Description
@mhvk noticed here that the definitions here are incompatible with NumPy gufuncs which I think is an oversight that was never noted/discussed. The "after broadcasting" looks reasonable on first sight, but TBH, doesn't really seem reasonable to me:
Assume broadcasting does something, you are specifying an axes that by definition has length 1 along the array, and also by definition has little meaning for the array which gets broadcast.
Now, is the alternative of using the non-broadcast axes better? Maybe not, maybe it is also very unclear and any positive axes (i.e. where broadcasting matters) is just too strange.
But, whether you like what NumPy does or not after thinking about it, it does seem if anything at least (maybe moreso) logical than the alternative.

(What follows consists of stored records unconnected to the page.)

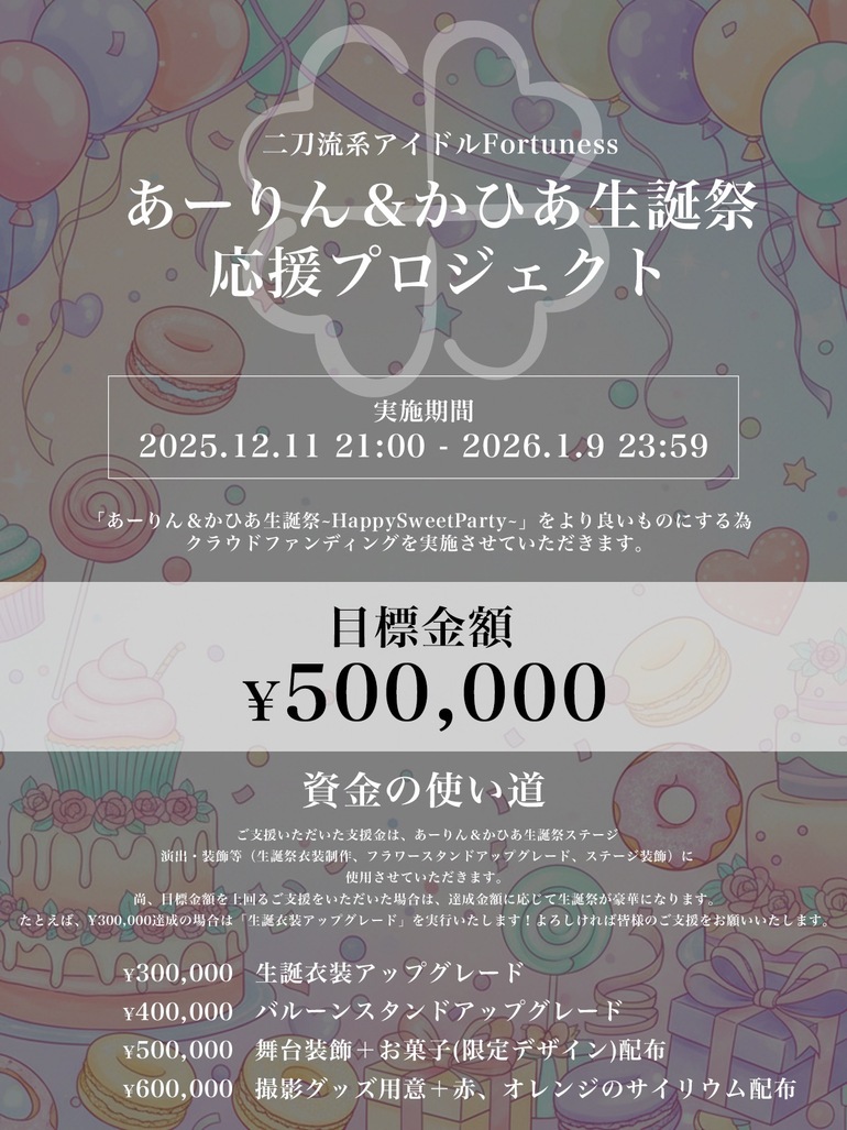 2026年1月11日に開催する『あーりん&かひあ生誕祭 ~HappySweetParty~』を素敵なものにするため、ぜひ支援とご協力をお願いいたします。
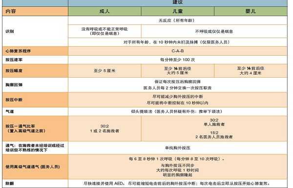 在2010国际心肺复苏指南中,基础生命支持(BLS)得到进一步的重视,特别强调了有效不间断胸外按压的意义。该标准对按压通气比值、按压通气循环周期、按压通气参数等CPR核心技术都作了重大修订,并提倡ADE的普及使用。(具体修改内容见台下2010年最新国际心肺复苏标准比例表)。
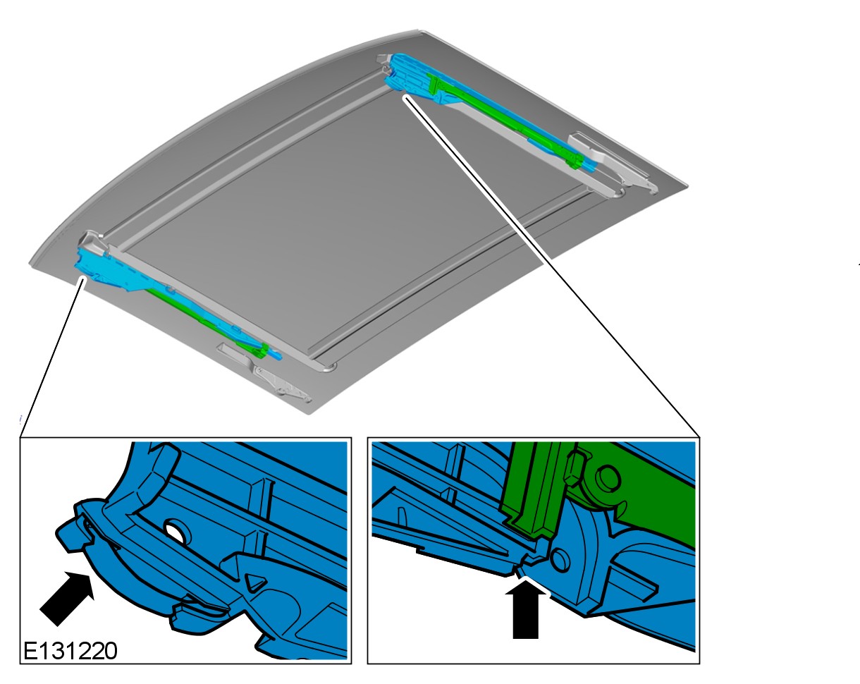 Correctly reassemble the mounting pins and slide shoe(s) reinstall the roof opening panel blind. Check for correct operation.
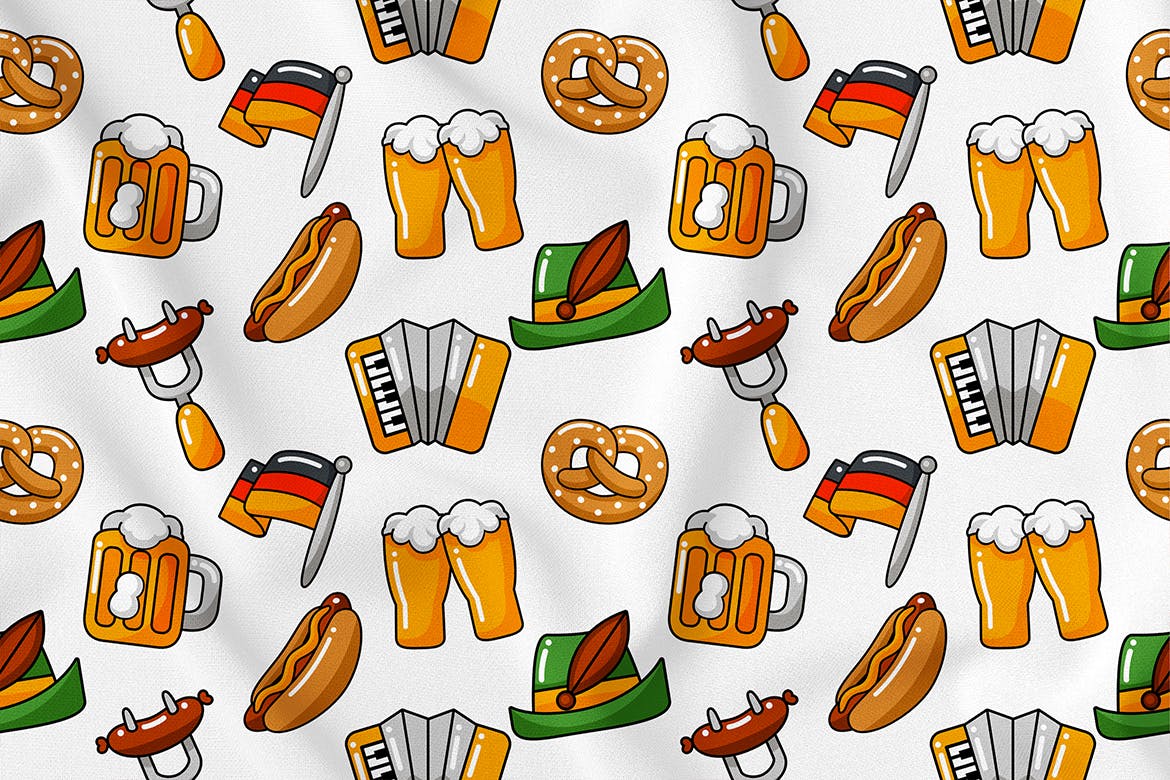 慕尼黑啤酒节元素无缝图案背景素材,您可以为海报印刷框架、织物、衣服、杯子、别针按钮、枕头、手提袋、束带/拉链袋、墙纸桌面、手机壳等创建无数种形式。
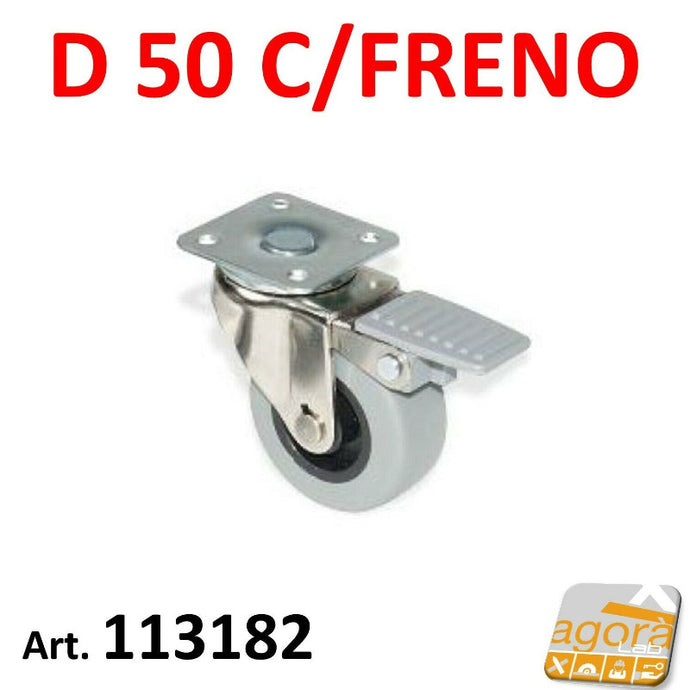 1-20pz RUOTE RUOTA GIREVOLE CON PIASTRA DIAMETRO 50mm - 5cm CON FRENO CROMATA GRIGIO
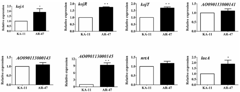 图4 初始菌株KA-11与突变菌株AR-47中被选基因的转录表达水平比较,*P < 0.05, **P < 0.01
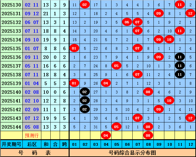 后区分析(一区01-04,二区05-08,三区09-12):上期后区开出奖号05和08,最近10期后区三区落号比为6:12:7,本期后区关注号码04、07、08、10、11,后区两码参考04、08。
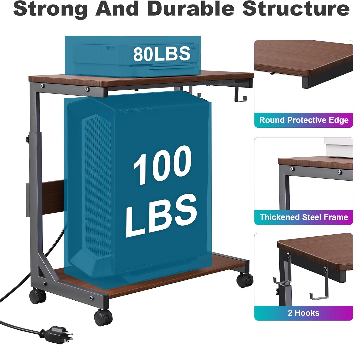 - Pc Tower Stand With Charging Station: This Mobile PC Standing with dual 120V/12A outlets and dual USB ports can power your laptop, smartphone, printer, tablet or any electronic device. Great for keeping an organized workspace. Plus, the PC Tower Rack doubles as a side table to provide additional power for your desk lamp
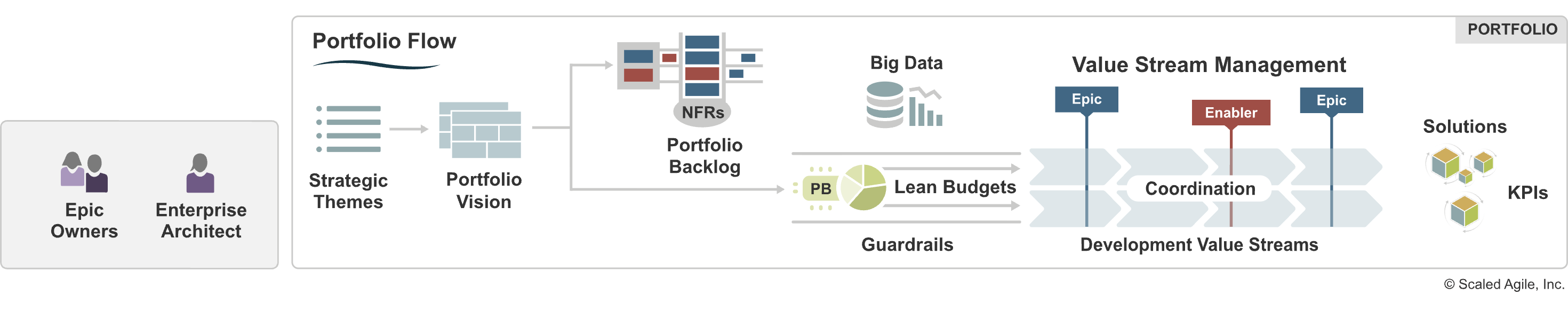 - 应用精益投资组合管理(LPM)实践来管理投资组合预算、史诗和治理
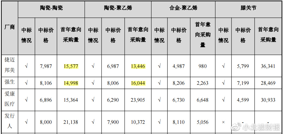 (上述发行人指春立医疗,截取部份骨关节PON数据)
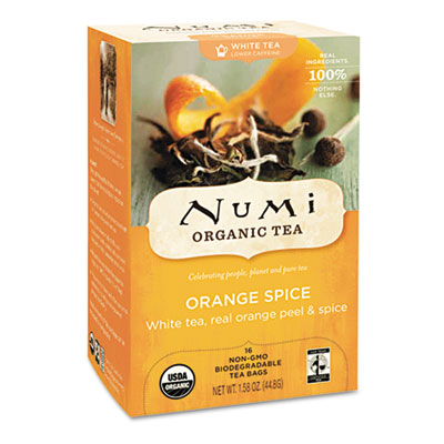 Numi Organic Teas and Teasans, 1.58oz, White Orange Spice, 16/Box NUM10240
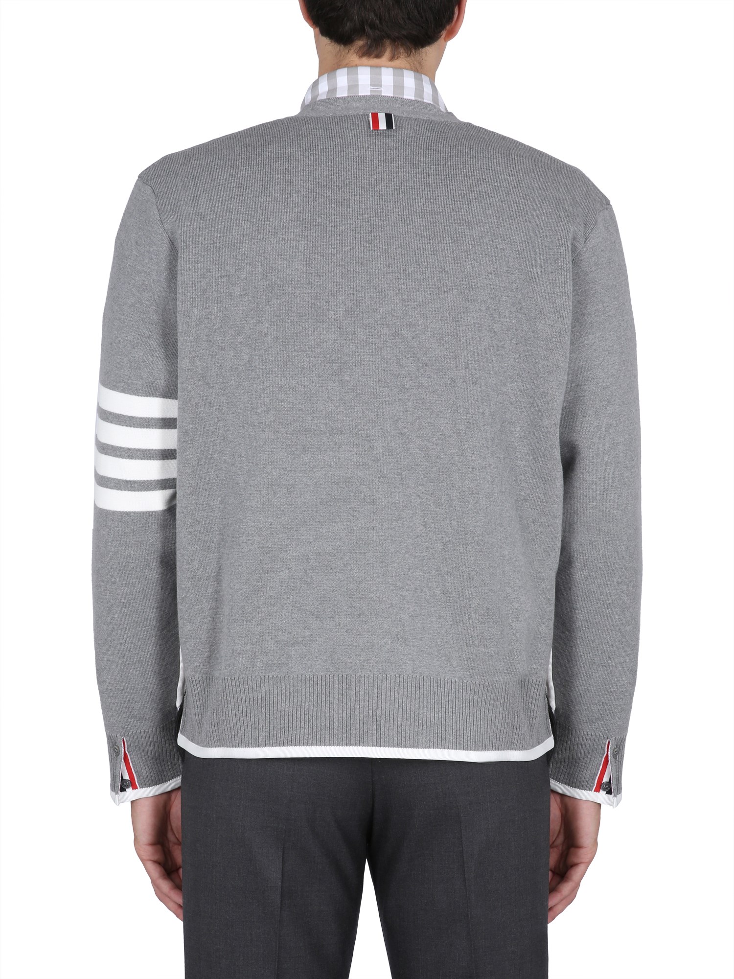 Il cardigan a righe 4Bar di Thom Browne è un capo d'abbigliamento con colletto e polsini in maglia a coste. È realizzato in un morbido tessuto di cotone, perfetto per le giornate di freddo leggero. Il cardigan presenta uno scollo a V, maniche lunghe e chiusura frontale con bottoni. Ha un dettaglio a righe 4bar sulla manica per aggiungere stile.
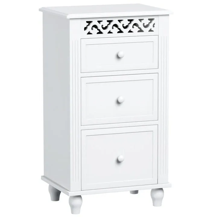 Szafka nocna z 3 szufladamiDodatkowe miejsce do przechowywania - 3 pojemne szuflady zapewniają dodatkowe miejsce do przechowywania i organizacjiWysokiej jakości materiały - szafka została wykonana z wysokiej jakości płyty MDF oraz drewna sosnowego, dzięki czemu zapewnia wytrzymałość, stabilność i trwałośćKlasyczny design - prosty, klasyczny design sprawdzi się w każdym pomieszczeniu. Mebel może służyć jako szafka nocna w sypialni lub dodatkowy stolik boczny w salonieŁatwość montażu - szafka jest bardzo prosta w montażu. Wszystkie elementy potrzebne do instalacji zostały dołączone do zestawuDane szczegółoweMateriały: płyta MDF, drewno sosnoweKolor: białyMontaż: wymaganyWymiarySzerokość: 40.5 cmGłębokość: 30.5 cmWysokość: 72 cmWaga: 12.9 kg
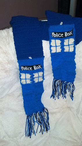 Hi all, I wrote this pattern after being unable to find a free pattern for a Doctor Who TARDIS scarf. Enjoy!
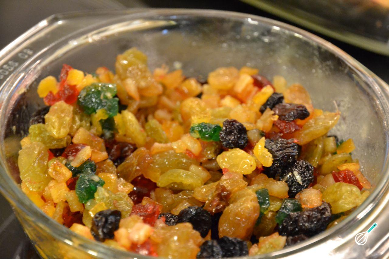 Enquanto isso coloque as frutas macerando, ou seja, coloque as uvas-passas, as amêndoas e as frutas cristalizadas em uma tigela e cubra com o rum. Deixe ficar enquanto prepara os passos seguintes.
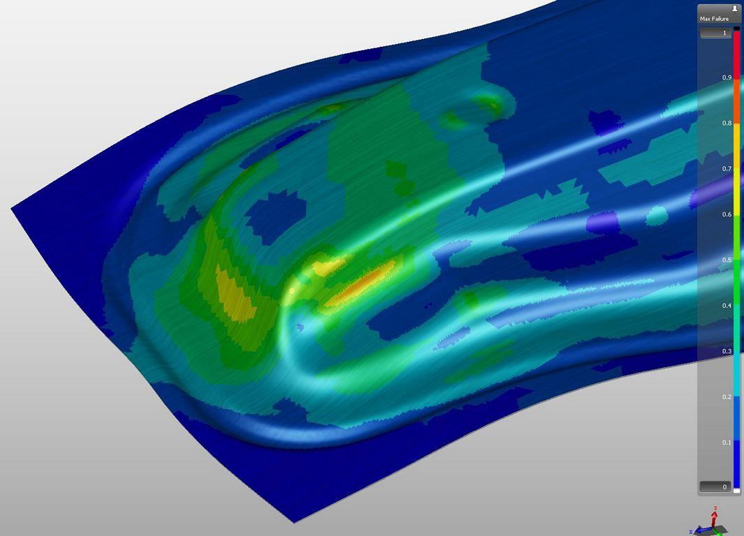 Als Teil der inkrementellen Simulation wird hier mit anderen Eingabeparametern gearbeitet, sodass sich der Kontakt zwischen Blech und Werkzeug exakt abbilden lässt. „In der Simulation werden dafür zunächst die Aufdickungen und Ausdünnungen ermittelt und so angepasst, dass zum Beispiel das aufgedickte Blech genau dazwischen passt“, erläutert Leonard Krauss. „Die Tryout-Mannschaft kann sich je nach Bauteil damit Tage an Arbeit sparen.“
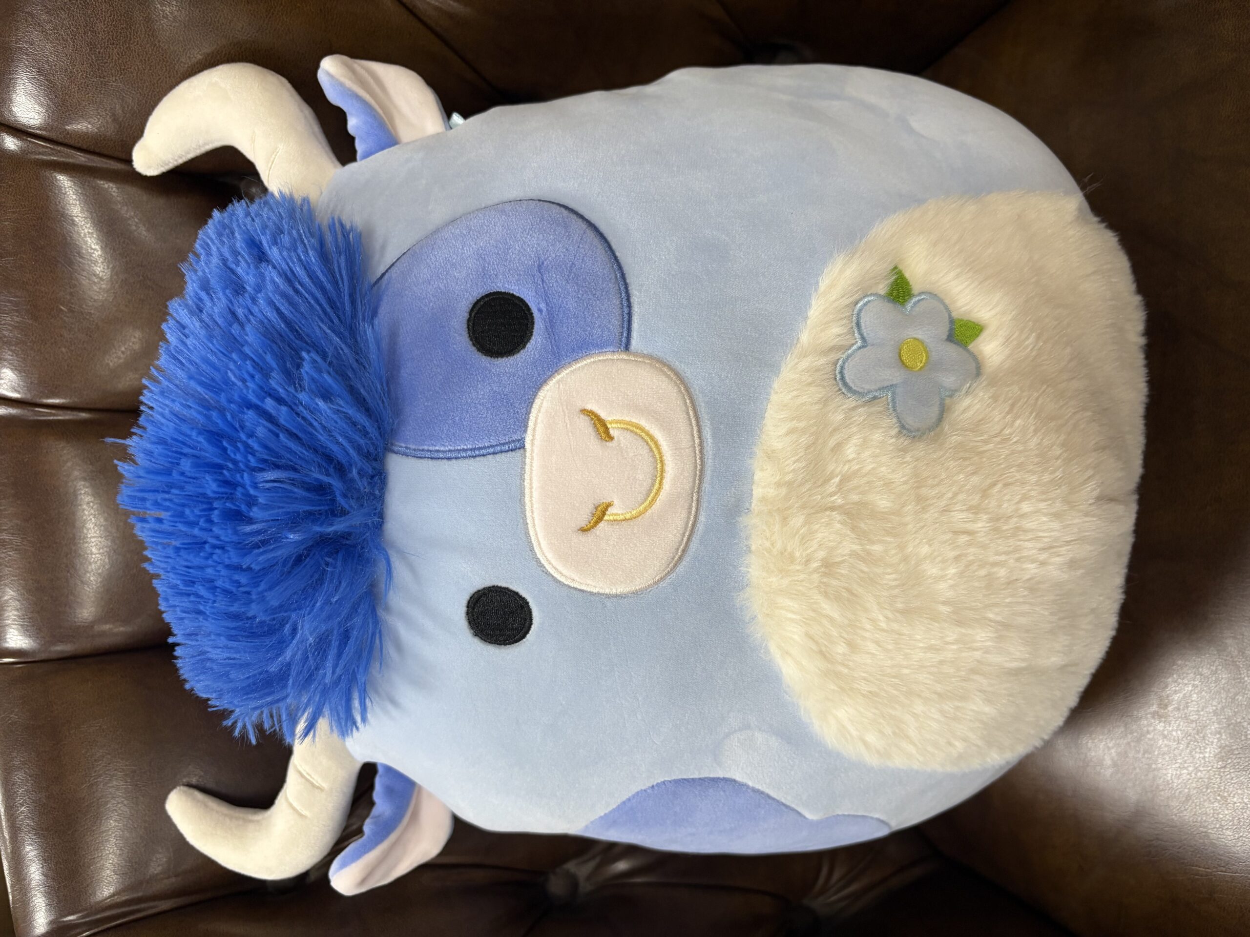 Very soft, 12 inch, bull squishmallow plushie for kids and adults. See photos for how item looks when purchased, thanks!
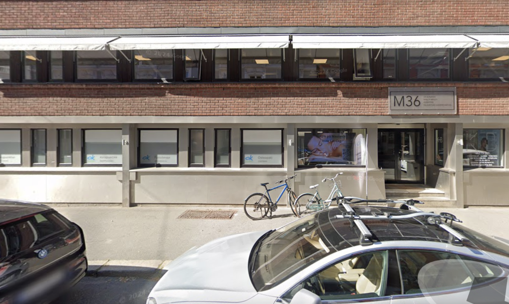 Majorstuveien 36 B, og inngangen er midt på kvartalet mellom Kirkeveien og Jacob Aallsgate.
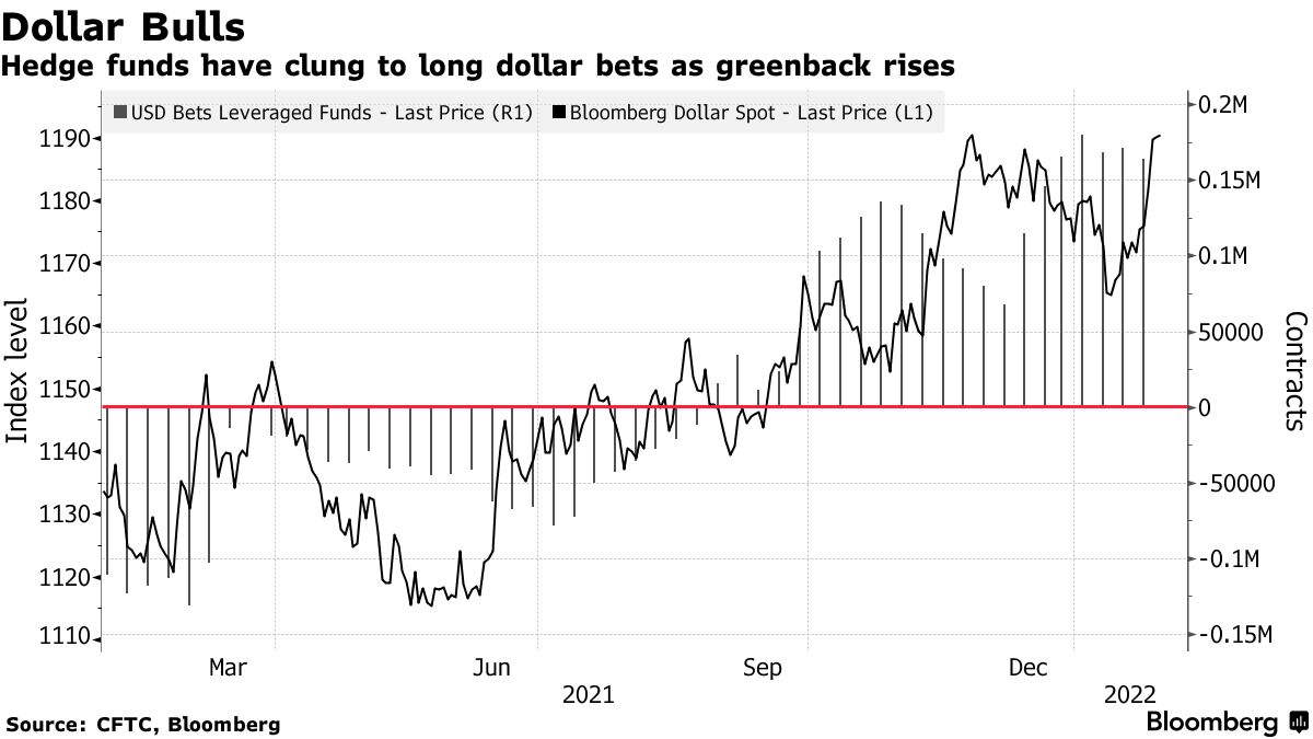 在上周美联储主席鲍威尔的鹰派讲话之后,市场对今年加息5次的预期一直在升温,并引发了做多美元的押注,上周美元指数自2020年7月以来首次站上87关口。富国银行Mike Schumacher等策略师表示:
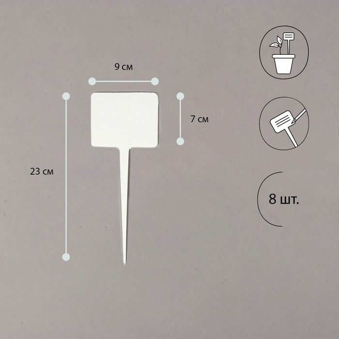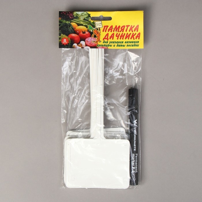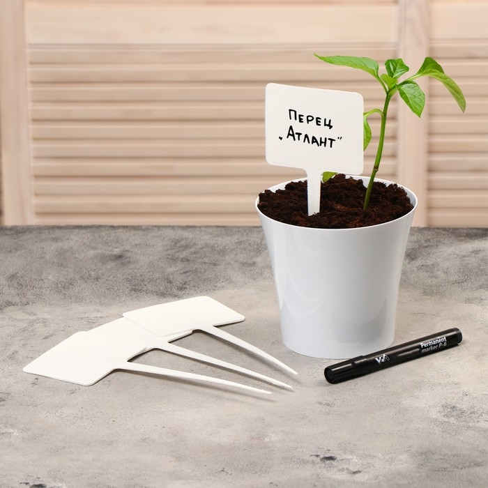 Таблички садовые для маркировки, 22 см, с маркером, набор 8 шт., пластик, белые

So, I propose to change any place where broadcasting is mentioned w.r.t. to axes handling to define it as unspecified. Negative axis remain allowed, as it doesn't interfere with broadcasting. Negative axis beyond the number of existing dimensions prior to broadcasting will also be unspecified.
The last point looks necessary to me and strengthens the argument for NumPy's (or unspecified/error) logic: matmul([1], [[2]], axis=(-2, -1))
should not be valid, since it might as well be a bug that the first array is not 2-D as it should be).
EDIT: The above example should use vecdot
, matmul doesn't work: vecdot(1, [2], axis=-1)